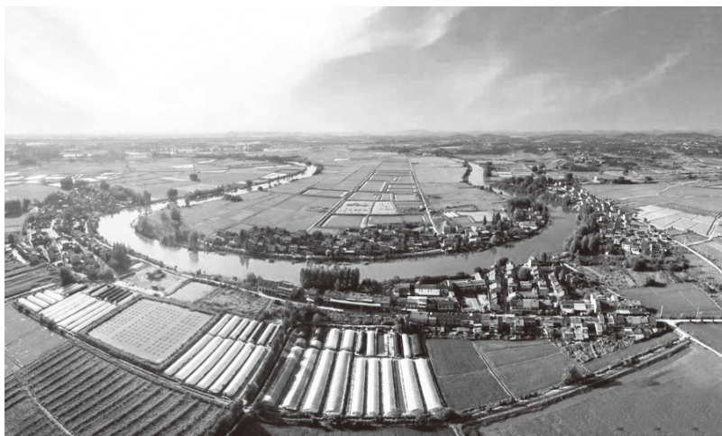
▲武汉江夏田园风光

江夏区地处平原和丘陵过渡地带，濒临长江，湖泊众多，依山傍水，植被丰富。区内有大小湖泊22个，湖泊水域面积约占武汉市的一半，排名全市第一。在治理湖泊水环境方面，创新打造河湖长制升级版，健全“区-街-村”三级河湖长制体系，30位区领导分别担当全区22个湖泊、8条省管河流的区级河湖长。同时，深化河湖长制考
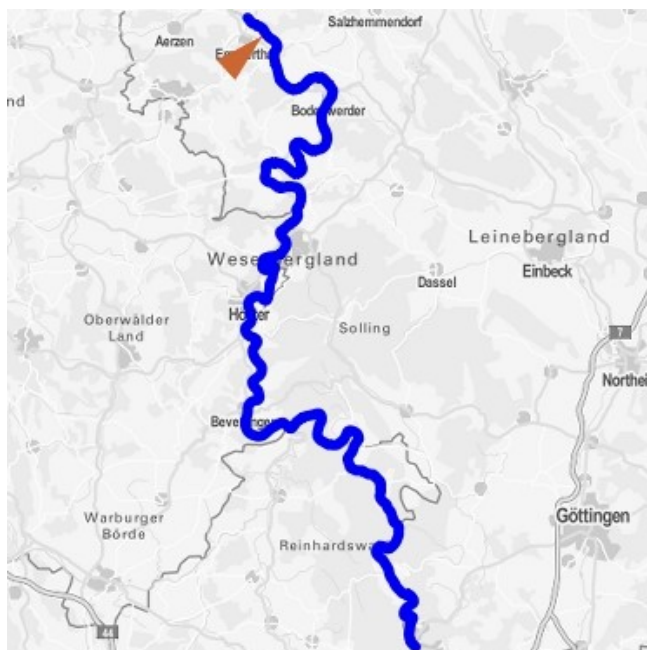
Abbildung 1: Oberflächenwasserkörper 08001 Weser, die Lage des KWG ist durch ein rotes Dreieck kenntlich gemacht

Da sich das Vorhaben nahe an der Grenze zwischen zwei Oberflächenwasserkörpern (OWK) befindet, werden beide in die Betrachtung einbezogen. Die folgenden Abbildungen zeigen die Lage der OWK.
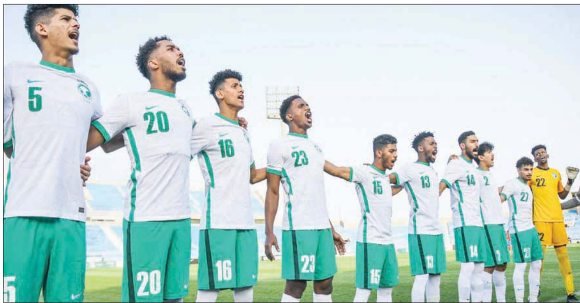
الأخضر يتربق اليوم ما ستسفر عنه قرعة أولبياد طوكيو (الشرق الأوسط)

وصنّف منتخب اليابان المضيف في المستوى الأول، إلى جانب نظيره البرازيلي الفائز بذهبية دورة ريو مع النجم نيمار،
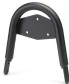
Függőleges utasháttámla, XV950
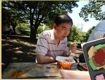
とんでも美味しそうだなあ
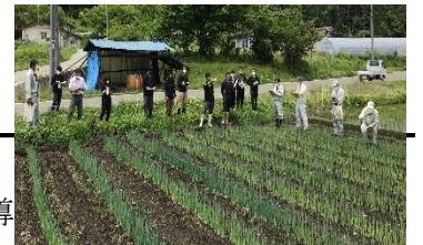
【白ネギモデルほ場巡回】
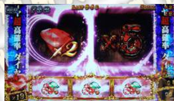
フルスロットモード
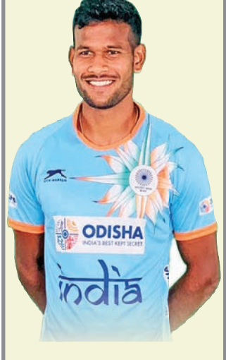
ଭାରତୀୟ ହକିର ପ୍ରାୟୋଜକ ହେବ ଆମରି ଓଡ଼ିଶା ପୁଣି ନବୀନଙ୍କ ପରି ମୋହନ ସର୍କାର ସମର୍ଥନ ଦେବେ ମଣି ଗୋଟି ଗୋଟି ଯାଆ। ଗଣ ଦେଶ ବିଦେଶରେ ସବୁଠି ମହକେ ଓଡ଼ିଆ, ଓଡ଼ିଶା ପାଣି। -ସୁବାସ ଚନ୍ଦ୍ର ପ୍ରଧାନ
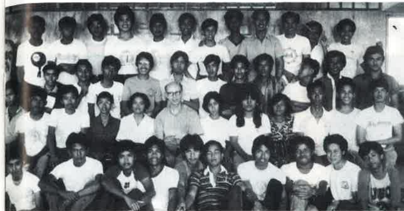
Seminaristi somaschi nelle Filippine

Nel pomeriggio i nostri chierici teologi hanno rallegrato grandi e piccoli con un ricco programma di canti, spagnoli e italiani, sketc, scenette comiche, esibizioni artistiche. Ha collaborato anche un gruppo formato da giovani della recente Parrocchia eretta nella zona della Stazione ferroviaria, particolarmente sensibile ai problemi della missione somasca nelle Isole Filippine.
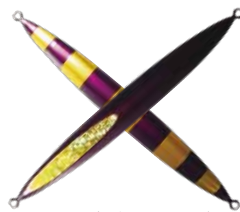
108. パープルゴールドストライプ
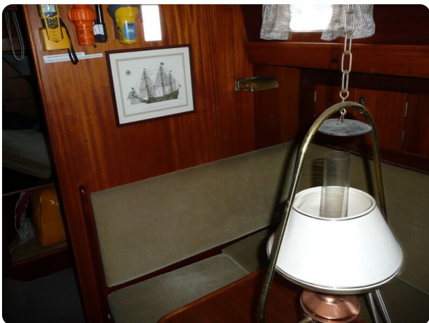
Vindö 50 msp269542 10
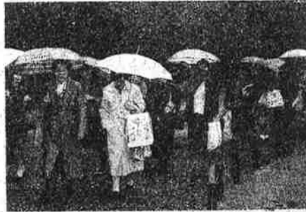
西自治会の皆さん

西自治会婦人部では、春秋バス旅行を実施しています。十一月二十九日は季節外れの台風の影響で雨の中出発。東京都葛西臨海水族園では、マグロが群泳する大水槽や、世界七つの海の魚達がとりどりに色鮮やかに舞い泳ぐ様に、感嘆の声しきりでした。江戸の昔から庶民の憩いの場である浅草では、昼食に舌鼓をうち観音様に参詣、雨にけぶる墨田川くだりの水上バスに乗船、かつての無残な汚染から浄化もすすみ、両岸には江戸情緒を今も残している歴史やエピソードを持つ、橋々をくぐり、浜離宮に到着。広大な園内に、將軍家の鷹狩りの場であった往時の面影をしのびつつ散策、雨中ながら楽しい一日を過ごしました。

▶ **WHAT YOU HAVE TO DO**: Only the pictures should be left out; write out everything else in the records exactly.

▶ **WRITTEN SOLUTION**:
▲武汉江夏田园风光

江夏区地处平原和丘陵过渡地带，濒临长江，湖泊众多，依山傍水，植被丰富。区内有大小湖泊22个，湖泊水域面积约占武汉市的一半，排名全市第一。在治理湖泊水环境方面，创新打造河湖长制升级版，健全“区-街-村”三级河湖长制体系，30位区领导分别担当全区22个湖泊、8条省管河流的区级河湖长。同时，深化河湖长制考
Abbildung 1: Oberflächenwasserkörper 08001 Weser, die Lage des KWG ist durch ein rotes Dreieck kenntlich gemacht

Da sich das Vorhaben nahe an der Grenze zwischen zwei Oberflächenwasserkörpern (OWK) befindet, werden beide in die Betrachtung einbezogen. Die folgenden Abbildungen zeigen die Lage der OWK.
الأخضر يتربق اليوم ما ستسفر عنه قرعة أولبياد طوكيو (الشرق الأوسط)

وصنّف منتخب اليابان المضيف في المستوى الأول، إلى جانب نظيره البرازيلي الفائز بذهبية دورة ريو مع النجم نيمار،
Függőleges utasháttámla, XV950
とんでも美味しそうだなあ
【白ネギモデルほ場巡回】
フルスロットモード
ଭାରତୀୟ ହକିର ପ୍ରାୟୋଜକ ହେବ ଆମରି ଓଡ଼ିଶା ପୁଣି ନବୀନଙ୍କ ପରି ମୋହନ ସର୍କାର ସମର୍ଥନ ଦେବେ ମଣି ଗୋଟି ଗୋଟି ଯାଆ। ଗଣ ଦେଶ ବିଦେଶରେ ସବୁଠି ମହକେ ଓଡ଼ିଆ, ଓଡ଼ିଶା ପାଣି। -ସୁବାସ ଚନ୍ଦ୍ର ପ୍ରଧାନ
Seminaristi somaschi nelle Filippine

Nel pomeriggio i nostri chierici teologi hanno rallegrato grandi e piccoli con un ricco programma di canti, spagnoli e italiani, sketc, scenette comiche, esibizioni artistiche. Ha collaborato anche un gruppo formato da giovani della recente Parrocchia eretta nella zona della Stazione ferroviaria, particolarmente sensibile ai problemi della missione somasca nelle Isole Filippine.
108. パープルゴールドストライプ
Vindö 50 msp269542 10
西自治会の皆さん

西自治会婦人部では、春秋バス旅行を実施しています。十一月二十九日は季節外れの台風の影響で雨の中出発。東京都葛西臨海水族園では、マグロが群泳する大水槽や、世界七つの海の魚達がとりどりに色鮮やかに舞い泳ぐ様に、感嘆の声しきりでした。江戸の昔から庶民の憩いの場である浅草では、昼食に舌鼓をうち観音様に参詣、雨にけぶる墨田川くだりの水上バスに乗船、かつての無残な汚染から浄化もすすみ、両岸には江戸情緒を今も残している歴史やエピソードを持つ、橋々をくぐり、浜離宮に到着。広大な園内に、將軍家の鷹狩りの場であった往時の面影をしのびつつ散策、雨中ながら楽しい一日を過ごしました。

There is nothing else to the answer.